Before she left, Nina told me a physical therapist would be coming to see me. When the therapist appeared the next morning and rang the bell, I didn’t open the door. Maybe I didn’t want to be healed. Maybe I deserved whatever I got. Maybe this was the fate I deserved. I sat on the couch with Giselle, imagining I was safe from the well-meaning and the helpful. But my brother had an extra key, which he’d handed over, and the physical therapist let herself in. She introduced herself as Peggy Travis. As though I cared. As though I intended to make this personal. I suppose Peggy was wearing a red striped dress, but it was gray to me. She went through the list of exercises we’d be doing to strengthen my left side. I excused myself. Fumbling with my walker, I went to the bathroom and threw up.

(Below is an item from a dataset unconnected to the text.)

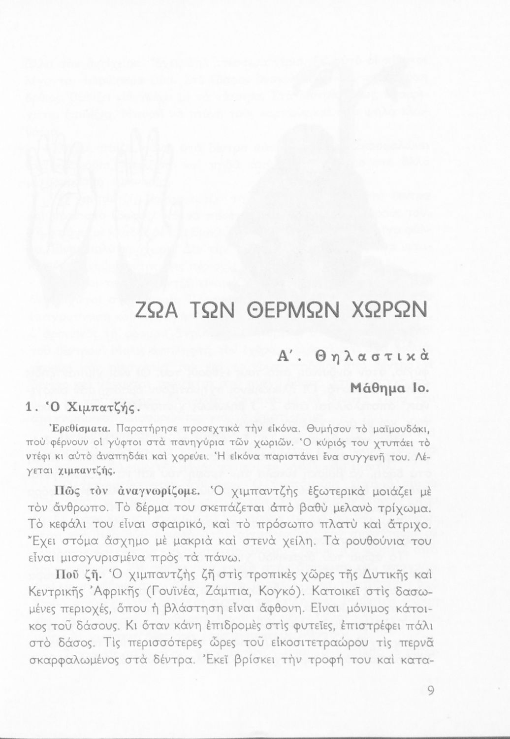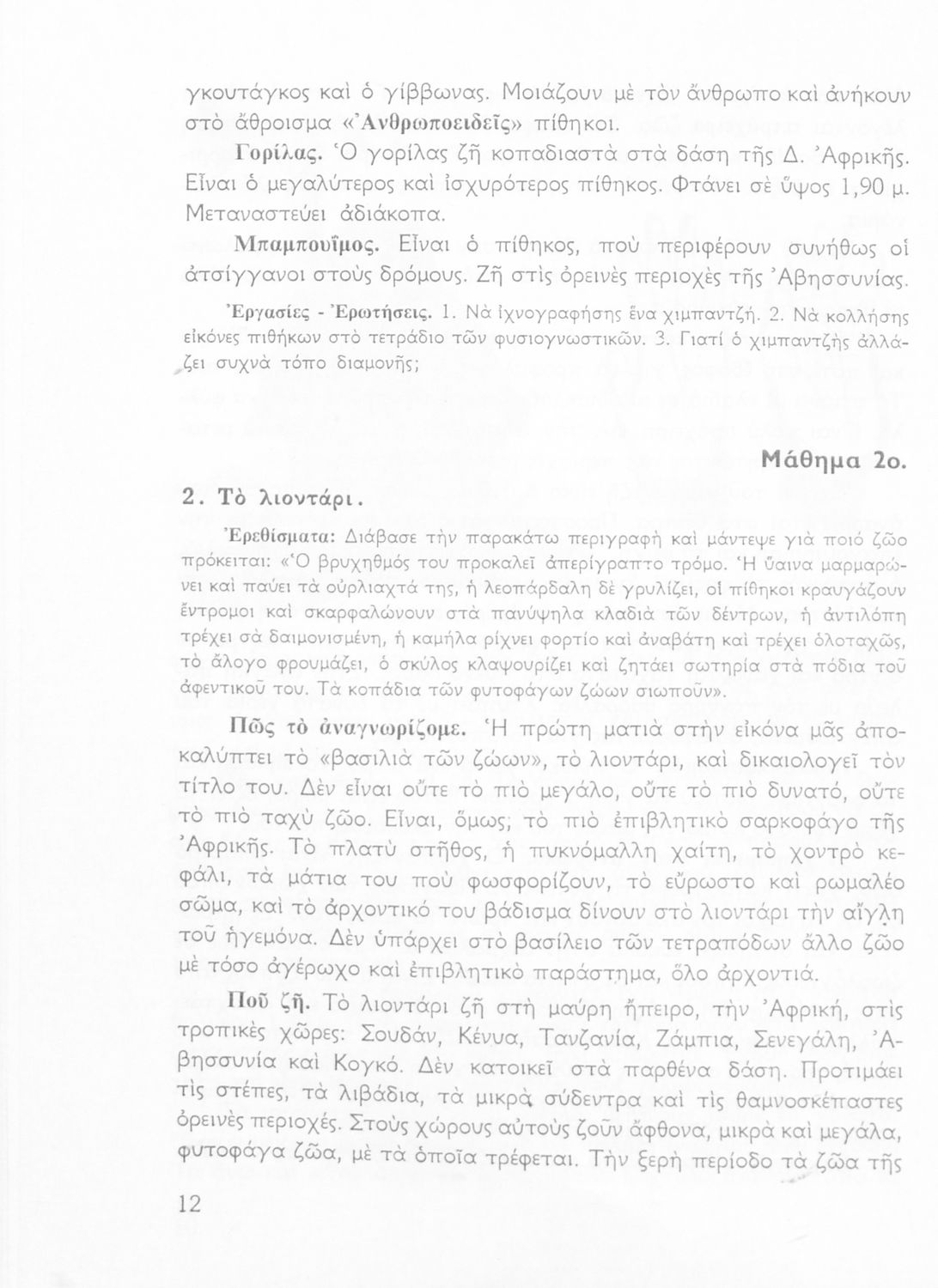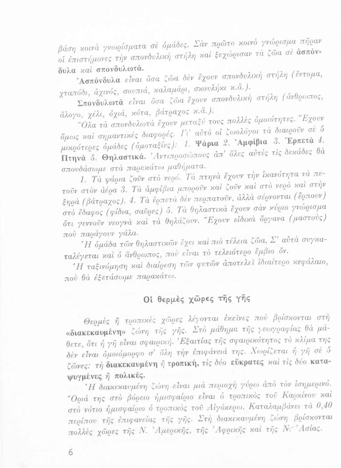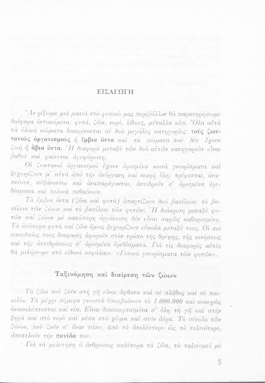 Σχολικό εγχειρίδιο Φυτολογίας και Ζωολογίας της Ε' Δημοτικού το οποίο παρουσιάζει και κατηγοριοποιεί τα ζώα σε θηλαστικά, ερπετά, και πτηνά και αναλύει τον τρόπο ζωής και αναπαραγωγής τους. Στο δεύτερο μέρος του, το βιβλίο παρουσιάζει τα φυτά με βάση τη γεωγραφική της θέση χωρίζοντάς τα σε φυτά θερμών και ψυχρών χωρών. Τέλος, το βιβλίο κλείνει με αναφορές στον τρόπο καλλιέργειας.

“It’s very common to feel sick.” My unwelcome visitor had actually come up behind me and was watching me vomit. “For some people it lasts only a short time, for others it’s different.”
She shut up then. But I got the drift. For others it’s an eternity.
I was pathetic really. I couldn’t even squeeze a rubber ball. More clumps of my hair fell out just from the stress of trying. But my Peggy wasn’t the type to let her charges give up. She had seen it all in working with her clients — the lame, the frail, the screwed-up, the messed-up, the chewed-up, the burnt, the sorrowful. She told me about them when we had tea — hers iced, mine steaming. I’d sweated and grunted through my workout, with my swollen face swelling even more and the clicking going on nonstop; I hardly felt up for conversation. That’s how people like Peggy got to you; they waited till you had no defenses, then talked you to death. I felt like a time bomb, as a matter of fact, but I drank my tea.